Question

For what value of $\lambda$, the vector $i-\lambda +2k$ and $8i+6j-k$ are at right angles?

Answer 1

Hint: According to the question the angle between two vectors is ${90}^{\circ }$. Therefore, apply the Dot product formula for the angle between two Vectors.
$\overrightarrow{a}\cdot \overrightarrow{b}=\left|a\right|\left|b\right|\cos \theta$
Since $\theta ={90}^{\circ }$ and $\cos {90}^{\circ }=0$
$\therefore \overrightarrow{a}\cdot \overrightarrow{b}=\left|a\right|\left|b\right|\cos {90}^{\circ }$
$\therefore \overrightarrow{a}\cdot \overrightarrow{b}=0$
By solving the equation $\overrightarrow{a}\cdot \overrightarrow{b}=0$ we get the value of $\lambda$.

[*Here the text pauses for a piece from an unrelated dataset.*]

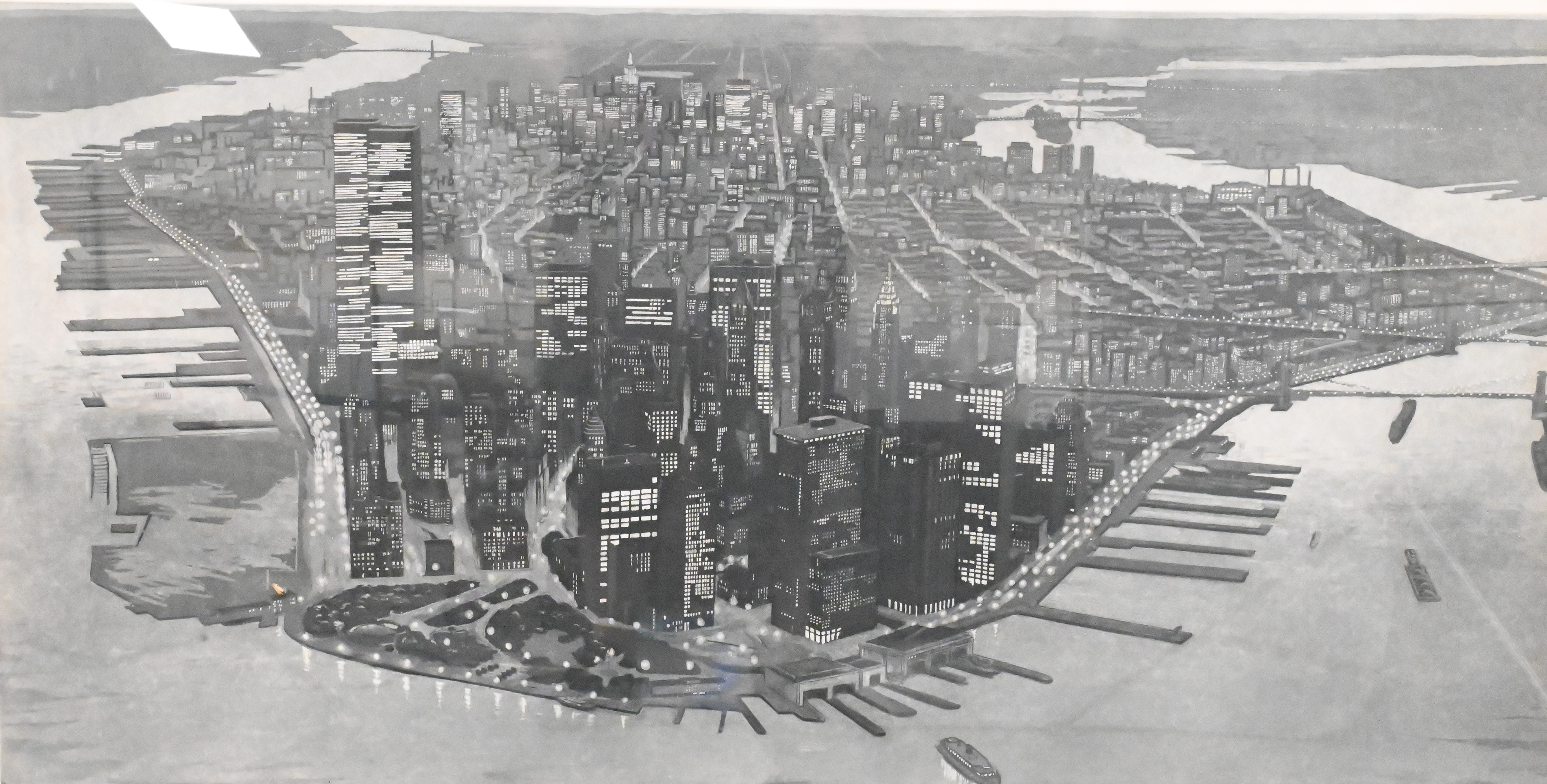 along with three small construction pieces of sliding cityscapes by Jay Palefsky (American 1946-2021)

Complete step-by-step answer:
Consider the two vectors $i-\lambda +2k$ and $8i+6j-k$. They are at right angles, so $\theta ={90}^{\circ }$.
If the two vectors are assumed as $\overrightarrow{a}$ and $\overrightarrow{b}$ then the dot product denoted as $\overrightarrow{a}\cdot \overrightarrow{b}$ . Suppose these two vectors are separated by angle θ.
The dot product of two product is given as
$\overrightarrow{a}\cdot \overrightarrow{b}=\left|a\right|\left|b\right|\cos \theta$
Substitute $\theta ={90}^{\circ }$ and $\cos {90}^{\circ }=0$.
$\therefore \overrightarrow{a}\cdot \overrightarrow{b}=\left|a\right|\left|b\right|\cos {90}^{\circ }$
$\therefore \overrightarrow{a}\cdot \overrightarrow{b}=0$
Suppose $\overrightarrow{a}=i-\lambda +2k$ and $\overrightarrow{b}=8i+6j-k$ then evaluate $\overrightarrow{a}\cdot \overrightarrow{b}=0$.
$\Rightarrow (i-\lambda +2k)\cdot (8i+6j-k)=0$
Since $i\cdot i=1$, $j\cdot j=1$ and $k\cdot k=1$ we have,
$\Rightarrow 1\times 8-\lambda \times 6+2\times (-1)=0$
$\Rightarrow 8-6\lambda -2=0$
$\Rightarrow 6-6\lambda =0$
$\Rightarrow 6\lambda =6$
$\Rightarrow \lambda =1$

Final Answer: The vector $i-\lambda +2k$ and $8i+6j-k$ are at right angles for $\lambda =1$.

Note:
Remember the difference between dot product and cross product.
The dot product of two vectors $A$ and $B$ is represented as: $A\cdot B=\left|A\right|\left|B\right|\cos \theta$, where $\left|A\right|$ and $\left|B\right|$ are the magnitude of the vectors.
The cross product of two vectors $A$ and $B$ is represented as: $A\times B=\left|A\right|\left|B\right|\sin \theta$, where$\left|A\right|$ and $\left|B\right|$ are the magnitude of the vectors.
Magnitude of the vector$A=ai+bj+ck$ :
$\left|A\right|=\sqrt{a^2+b^2+c^2}$